Endocrine Abstracts

Background: Obesity pandemic continues to grow and currently bariatric surgery is the only interventional method proved to induce significant long-term weight reduction. The number of bariatric surgery has doubled in USA over the past decade. We present a case of adult onset nesidioblastosis, post gastric bypass.

Case Summary: A 50 years old female who is 2 years status post Roux-en-Y gastric bypass was admitted to the hospital with a documented hypoglycemia (blood glucose 2.5 mmol/l) and apparent neuroglycopenic symptoms which resulted in road traffic accident. Her obesity history dates back to childhood with BMI 50.0 kg/m². Her post operative course was unremarkable. Over the course of 1 year when BMI stabilized at 25 kg/m², she developed postprandial neuroglycopenia hypoglycaemic symptoms. No symptoms of diarrhoea, flushing or abdominal cramps were detected and dietary interventions were unresponsive. During her hospital course, blood glucose was fluctuating requiring multiple treatments with dextrose 50%. Physical examination revealed no abnormal findings.
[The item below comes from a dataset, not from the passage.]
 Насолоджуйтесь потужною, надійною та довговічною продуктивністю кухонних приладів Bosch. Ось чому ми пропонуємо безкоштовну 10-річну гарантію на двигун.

Endocrine examination excluded hypopituitarism and adrenal sufficiency. Blood sampling during documented hypoglycemic episode (blood glucose 1.6 mmol/l) revealed inappropriately high fasting insulin 55 uIu/ml, with increased proinsulin 10.1 and C peptide 6.5 ng/ml. Anti insulin antibody and sulphonyurea screen were negative. Abdominal computed tomography excluded pancreatic mass lesions.
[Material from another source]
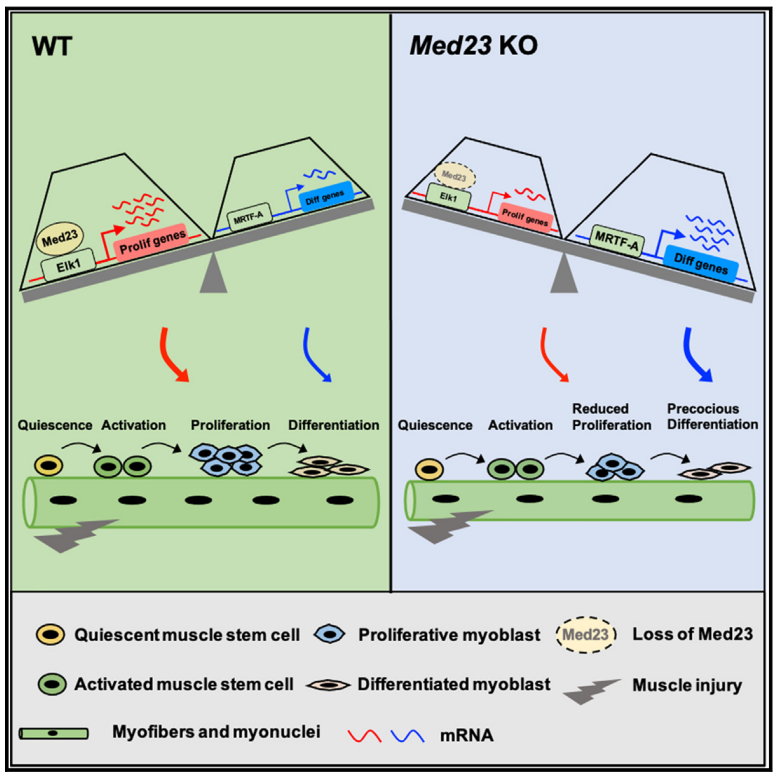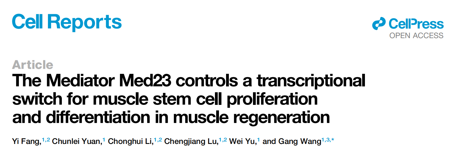 2024年4月30日,复旦大学王纲教授团队在Cell Reports杂志在线发表了题为The Mediator Med23 controls a transcriptional switch for muscle stem cell proliferation and differentiation in muscle regeneration的研究论文。该研究通过小鼠体内外实验,发现Med23亚基缺失会使肌肉干细胞MuSCs增殖减缓并表现出预分化,从而导致肌肉再生能力减弱。

Due to recurrent refractory hypoglycemia she underwent exploratory laprotomy. Intraoperative ultrasonography revealed pancreatic mass lesion, subtotal 95% pancreatectomy with cholecytectomy was performed. Histopathology and immunohistochemical study of the resected pancreas revealed diffuse islets cells hyperplasia and nesidioblastosis.
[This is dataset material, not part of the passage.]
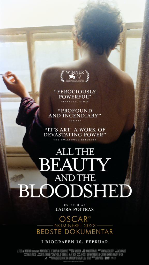 ‘All The Beauty And The Bloodshed’ er instrueret af Laura Poitras, der også stod bag den Oscarvindende dokumentar ‘Citizenfour’ om Edward Snowden. Filmen vandt Guldløven i Venedig i 2022 og den er nomineret til en Oscar for ‘Bedste Dokumentarfilm’ 2023.

Conclusions: The above case highlights the enhanced insulin secretion post gastric bypass with severe neuroglycopenic hypoglycemia which is related to a new pathology rather than dumping syndrome. This rare side event must be considered as a cause of hypoglycemia. Further investigations are critical for elucidation of beta cell expansions mechanisms.